Custo-efetividade da adição de quimioterapia ao tratamento hormonal do câncer de próstata metastático sensível a hormônio ou localizado de alto risco

Custo-efetividade da adição de quimioterapia ao tratamento hormonal do câncer de próstata metastático sensível a hormônio ou localizado de alto risco

Autores:

Pedro Nazareth Aguiar Jr.,
Carmélia Maria Noia Barreto,
Bárbara de Souza Gutierres,
Hakaru Tadokoro,
Gilberto de Lima Lopes Jr

ARTIGO ORIGINAL

Einstein (São Paulo)

versão impressa ISSN 1679-4508versão On-line ISSN 2317-6385

Einstein (São Paulo) vol.15 no.3 São Paulo jul./set. 2017

http://dx.doi.org/10.1590/s1679-45082017gs4017

INTRODUÇÃO

O câncer de próstata é segunda neoplasia mais comum no homem no mundo, com estimativa de 1 milhão e 100 mil novos casos e 307 mil mortes relatadas em 2012.(1) No Brasil, entre 2016 e 2017, o Instituto Nacional de Câncer José Alencar Gomes da Silva (INCA) estima que o câncer de próstata será a neoplasia mais comum entre homens, excluindo o câncer de pele não melanoma.(2)

Dados norte-americanos indicam que, de todos os casos de câncer de próstata, 80% estão confinados à glândula prostática, 12% são localmente avançados e invadiram a região do nódulos linfáticos, e 4% são metástases distantes; aproximadamente 4% dos casos têm estágio desconhecido.(3) Apesar da falta de dados no Brasil, há a hipótese de uma maior proporção de doenças metastáticas relatadas no diagnóstico por questões socioeconômicas.(4)

O principal tratamento para doença metastática é a terapia de privação androgênica (TPA) desde meados de 1966, quando Charles B. Huggins ganhou o prêmio Nobel. Huggins mostrou que a privação de andrógeno foi eficaz em pacientes com câncer de próstata metastático ou localmente avançado, com redução de 15% na taxa de mortalidade específica por neoplasia.(5) No entanto, não houve mudança da taxa de sobrevida global (SG) de pacientes com doença localizada.(5)

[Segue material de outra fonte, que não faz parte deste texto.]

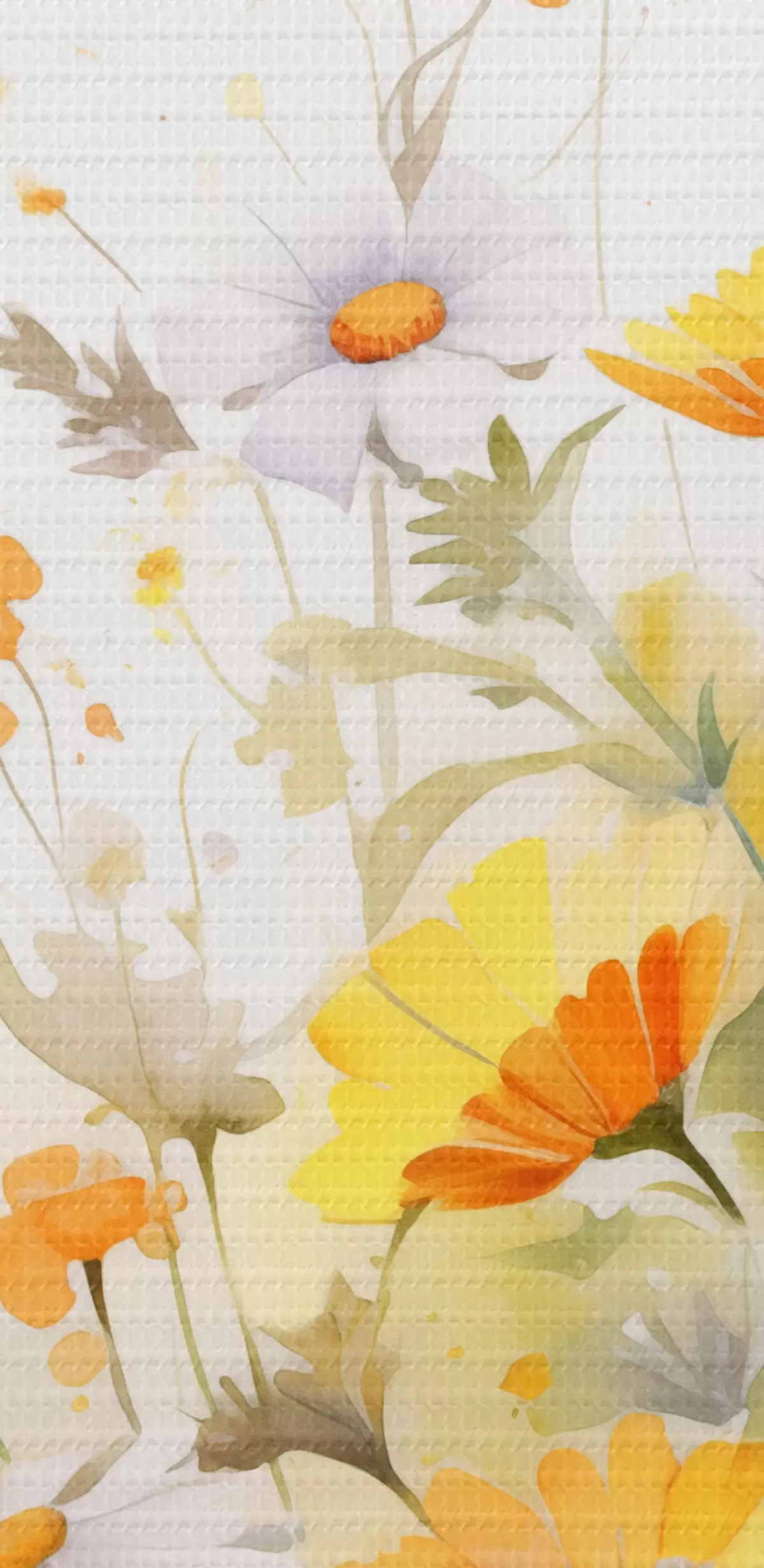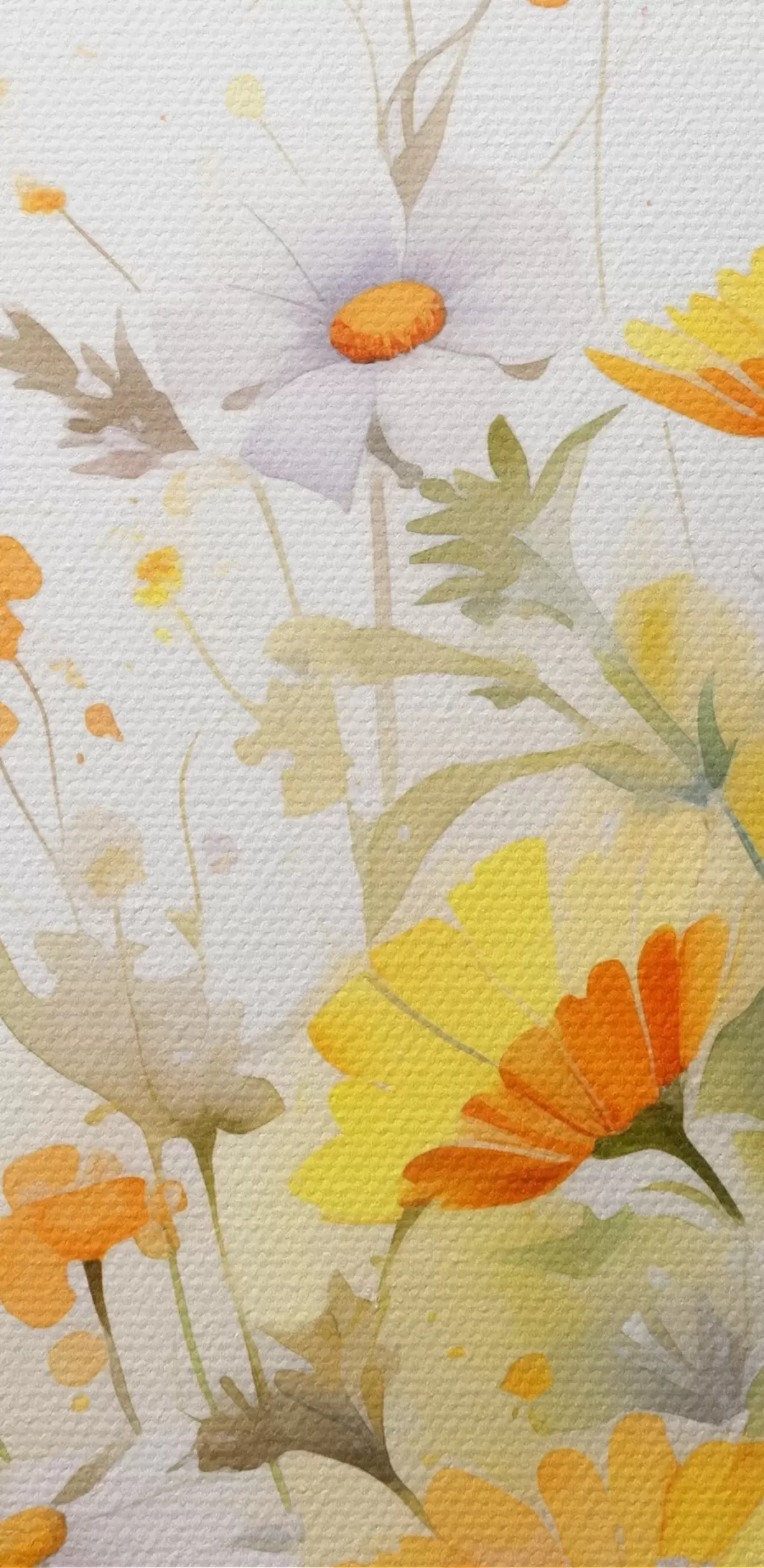 Kép Élénk, akvarellszerű virágmező narancssárga és fehér margarétákkal, a közelben egy pillangó repked Nr r42714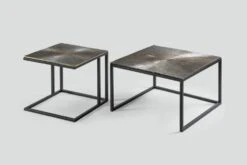 A study in simplicity and light of weight, this set of coffee tables is crafted and contoured for maximum impact and finish. Modelled from powder coated iron, this set features an aluminium top for easy durability and longevity. A perfect fit for modern interiors.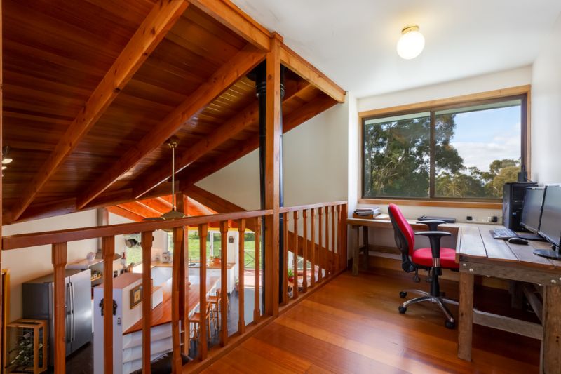 The large sunny kitchen and family area boasts an exposed beam cathedral ceiling, new appliances and easy-care slate tiled floor. With 4 bedrooms and rumpus room, this property has wood heating complemented by twin heat pumps in the family area. The large formal lounge room has an "old world charm" featuring an open fireplace and high ceilings. Beyond the family room is a large wooden deck area that offers a tranquil area for relaxation, overlooking a rural bush setting.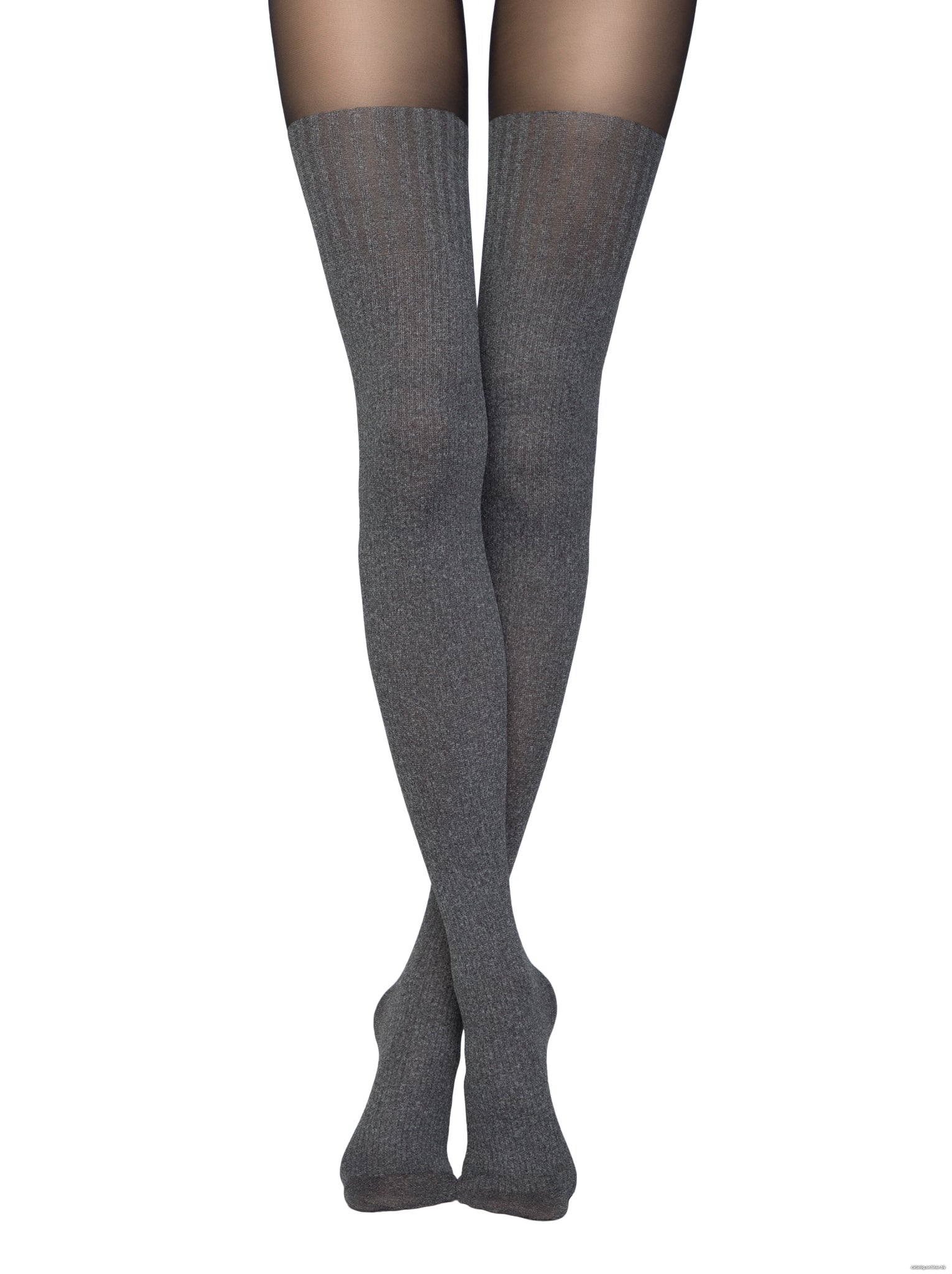 Dense elastic fancy tights crafted with 60 Den fabric that beautifully mimics the textured appearance of mélange golfs. The innovative design features a sheer 20 Den transparent section from the top to the waist, creating an elegant contrast while maintaining comfort. The T-shaped waistband provides secure, all-day support without rolling or shifting, while the flat seam construction ensures a smooth silhouette under clothing. A breathable cotton gusset offers essential moisture management and comfort throughout wear. Perfect for those seeking sophisticated style with practical functionality, these tights deliver the visual interest of patterned hosiery with the reliability of premium construction.

Estudos recentes revisaram o paradigma do tratamento e compararam a TPA em monoterapia versus TPA combinada com a quimioterapia para pacientes com doença localizada, avançada ou metastática. O GETUG-AFU 15 (Androgen-deprivation therapy alone or with docetaxel in non-castrate metastatic prostate cancer) não mostrou melhoria na SG de tratamento com TPA com docetaxel versus TPA em monoterapia, porém a taxa de resposta objetiva de 28% foi atingida em pacientes tratados com combinação de TPA e docetaxel.(6) A média de sobrevida livre de progressão (SLP) para o grupo em TPA com docetaxel mostrou aumento de 18,5 meses para 23,4 meses para o grupo tratado somente com TPA (hazard ratio - HR: 0,75, intervalo de confiança de 95% - IC95%: 0,59-0,94; p=0,015).(6)

Além disso, os estudos STAMPEDE (Systemic Therapy in Advancing or Metastatic Prostate Cancer: Evaluation of Drug Efficacy) e GETUG-AFU 12 avaliaram a combinação de docetaxel com TPA em pacientes não metastáticos com alto risco de doença localizada (por exemplo: antígeno prostático específico − PSA elevado no diagnóstico e tumores de alto grau). No estudo STAMPEDE, 24% dos pacientes não apresentaram doença metastática, e os resultados do estudo apontaram benefício em termos de SG e SLP em favor do tratamento combinado.(7) No estudo GETUG-AFU 12, que incluiu apenas pacientes com doença não metastática, observou-se aumento da taxa de sobrevida livre de recorrência (SLR) em pacientes que receberam a combinação de tratamento com docetaxel e TPA comparados àqueles tratados somente com TPA (HR: 0,71; p=0,017).(8)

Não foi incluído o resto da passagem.